Trouble shooting starting a remote public edge router

Well.. this has been a bit of a journey of discovery on the importance of making sure you use the right port numbers. I believe I am past that now.. and are now presented with my next error to troubleshoot :slight_smile:

Setup.

Controller on compute #1
Public Edge Router on compute #2

Situation

  1. created the config on compute #2

ziti create config router edge --routerName "${router_name}" > "${ZITI_HOME}/${router_name}.yaml"

  1. created the public edge router jwt file

ziti edge create edge-router "${router_name}" -o "${ZITI_HOME}/${router_name}.jwt" -t -a "public"

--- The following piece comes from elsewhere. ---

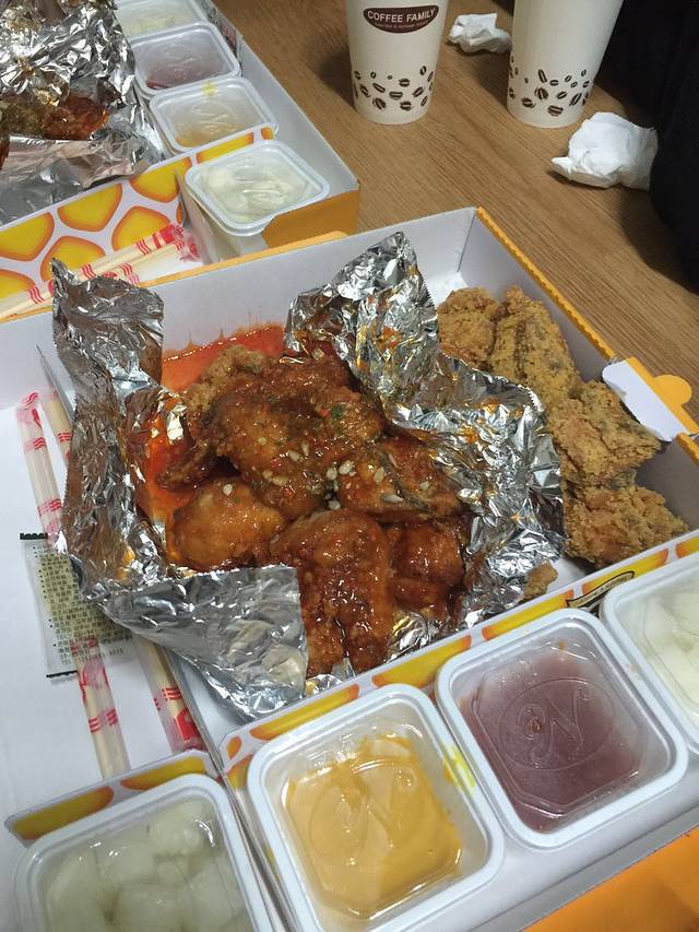 杯子炸雞 第一辣味 第二年糕 最後是原味

  1. Enrolled the public edge router on compute 2

ziti-router enroll "${ZITI_HOME}/${router_name}.yaml" --jwt "${ZITI_HOME}/${router_name}.jwt" &> "${ZITI_HOME}/${router_name}.enrollment.log"

{"file":"github.com/openziti/edge@v0.22.36/router/enroll/enroll.go:205","func":"github.com/openziti/edge/router/enroll.(*RestEnroller).Enroll","level":"info","msg":"registration complete","time":"2022-07-30T14:32:27.457Z"}

  1. start up the public edge router

ziti-router run "${ZITI_HOME}/${router_name}.yaml" > "${ZITI_HOME}/${router_name}.log"

This is the part that I now have problems with, as it is generating some type of error but don't know how to resolve.

Any tips?

 0.665]    INFO fabric/router/forwarder.(*Faulter).run: started
[   0.665]    INFO fabric/router/forwarder.(*Scanner).run: started
[   0.667]    INFO fabric/router.(*Router).showOptions: ctrl = {"OutQueueSize":4,"MaxQueuedConnects":1,"MaxOutstandingConnects":16,"ConnectTimeout":1000000000,"DelayRxStart":false,"WriteTimeout":0}
[   0.667]    INFO fabric/router.(*Router).showOptions: metrics = {"ReportInterval":60000000000,"MessageQueueSize":10}
[   0.667]    INFO fabric/router.(*Router).initializeHealthChecks: starting health check with ctrl ping initially after 15s, then every 30s, timing out after 15s
[   0.667]    INFO fabric/router.(*Router).startXlinkDialers: started Xlink dialer with binding [transport]
[   0.667]    INFO fabric/metrics.GoroutinesPoolMetricsConfigF.func1.1: {idleTime=[10s] maxQueueSize=[1] minWorkers=[1] poolType=[pool.listener.link] maxWorkers=[16]} starting goroutine pool
[   0.667]    INFO fabric/router.(*Router).startXlinkListeners: started Xlink listener with binding [transport] advertising [tls:168.138.13.227:10080]
[   0.668]    INFO edge/router/xgress_edge.(*listener).Listen: {address=[tls:0.0.0.0:3022]} starting channel listener
[   0.668]    INFO fabric/metrics.GoroutinesPoolMetricsConfigF.func1.1: {idleTime=[10s] poolType=[pool.listener.xgress_edge] minWorkers=[1] maxWorkers=[16] maxQueueSize=[1]} starting goroutine pool
[   0.668]    INFO fabric/router.(*Router).startXgressListeners: created xgress listener [edge] at [tls:0.0.0.0:3022]
[   0.668]    INFO fabric/router.(*Router).startXgressListeners: created xgress listener [tunnel] at []
[   0.668]    INFO edge/router/xgress_edge.(*Acceptor).Run: starting
[   0.746]   FATAL ziti/ziti-router/subcmd.run: {error=[error connecting ctrl (channel synchronization)]} error starting

Details of the yaml file

ctrl:
endpoint: tls:ip-address-of-controller:8441

link:
dialers:
- binding: transport
listeners:
- binding: transport
bind: tls:0.0.0.0:10080
advertise: tls:ip-address-of-2nd-compute:10080
options:
outQueueSize: 4

listeners:

bindings of edge and tunnel requires an “edge” section below

  • binding: edge
    address: tls:0.0.0.0:3022
    options:
    advertise: ip-address-of-2nd-compute:3022
    connectTimeoutMs: 1000
    getSessionTimeout: 60s
  • binding: tunnel
    options:
    mode: host #tproxy|host

edge:
csr:
country: US
province: NC
locality: Charlotte
organization: NetFoundry
organizationalUnit: Ziti
sans:
dns:
- instance-20220518-1244
- localhost
ip:
- “127.0.0.1”
- “ip-address-of-2nd-compute”

Ports open

controller
ports: 22 (ssh), 8441(controller), 8442(old edge-router)

testserver
ports: 22 (ssh), 3022(new edge-router)

Hi Markamind:

Can you post your controller config yaml?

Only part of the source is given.